HomePoliticaTaormina 2023: Composto si tiene fuori dall'"O.K. Corral"

Taormina 2023: Composto si tiene fuori dall'”O.K. Corral”

TAORMINA – Sino a questo momento è il grande assente della campagna elettorale per le Amministrative del 2023. Ha detto e ripetuto in tempi non sospetti che non si candiderà a sindaco e non intende neppure rientrare nell’agone della politica attiva locale.

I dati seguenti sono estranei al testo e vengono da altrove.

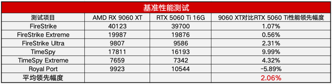 首先是基准性能测试部分,可以看到,在3DMARK的测试中,AMD RX 9060 XT的平均领先幅度来到了2.06%,其中TimeSpy的领先幅度更是接近了10%,性能有明显的领先。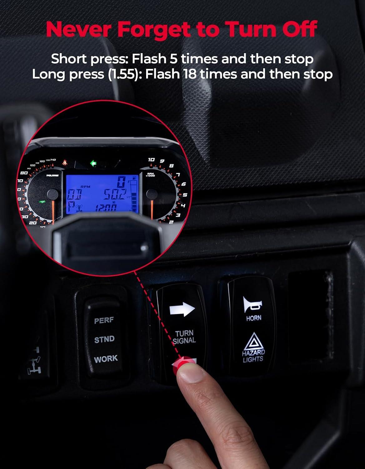 Auto-Cancel Rocker Switch​: The amber turn signal kit with rocker switch: short press (flashes 5 times then auto-off); long press (1.5s, flashes 18 times then auto-off). high-penetration amber light ensures quick detection by trailing drivers in rain, snow or fog, enhancing road safety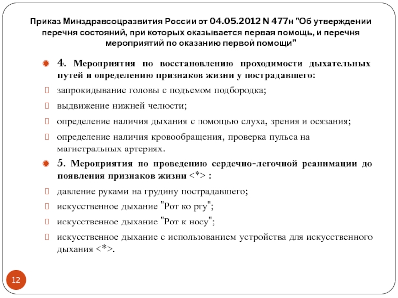 4. Мероприятия по восстановлению проходимости дыхательных путей и определению признаков жизни у пострадавшего:

Il quadro attuale sembra decisamente dare ragione a Pinuccio Composto. L’ex presidente del Consiglio comunale di Taormina, non si candida e le elezioni le osserverà con il distacco del medico di famiglia che si dedicherà in questo tempo ai propri (tanti) pazienti. La competizione la vivrà da semplice cittadino, simpatizzando ovviamente per qualcuno (sappiamo chi ma non lo diciamo) ma senza farsi tirare dentro, nella mischia da “O.K. Corral” di questa competizione.

Composto era stato nelle passate legislature uno dei protagonisti dell’area politica di centrodestra, si era candidato a sindaco alle elezioni del 2013, nei cinque anni successiva aveva dato filo da torcere all’Amministrazione Giardina da consigliere di opposizione e poi era stato uno dei “papabili” per la candidatura anche alle elezioni del 2018. Almeno per adesso la sua parabola politica si è interrotta con la fine tumultuosa del “tavolo” di Mazzeo. Una circostanza indicativa e per molti versi ancora di stretta attualità sulla condizione della politica taorminese, perché si trattava di un tavolo al quale accadde tutto e il contrario di tutto nella ricerca frenetica allora del candidato da contrapporre a Bolognari, che rientrava in campo dopo 17 anni di assenza. L’esito di quell’assemblea fu un susseguirsi di liti, tradimenti e strascichi personali.

“Stavolta sarà peggio ancora, non sono interessato a candidarmi”, aveva profetizzato e risposto qualche tempo fa Composto a quelli che lo esortavano a rientrare in politica. Come dargli torto?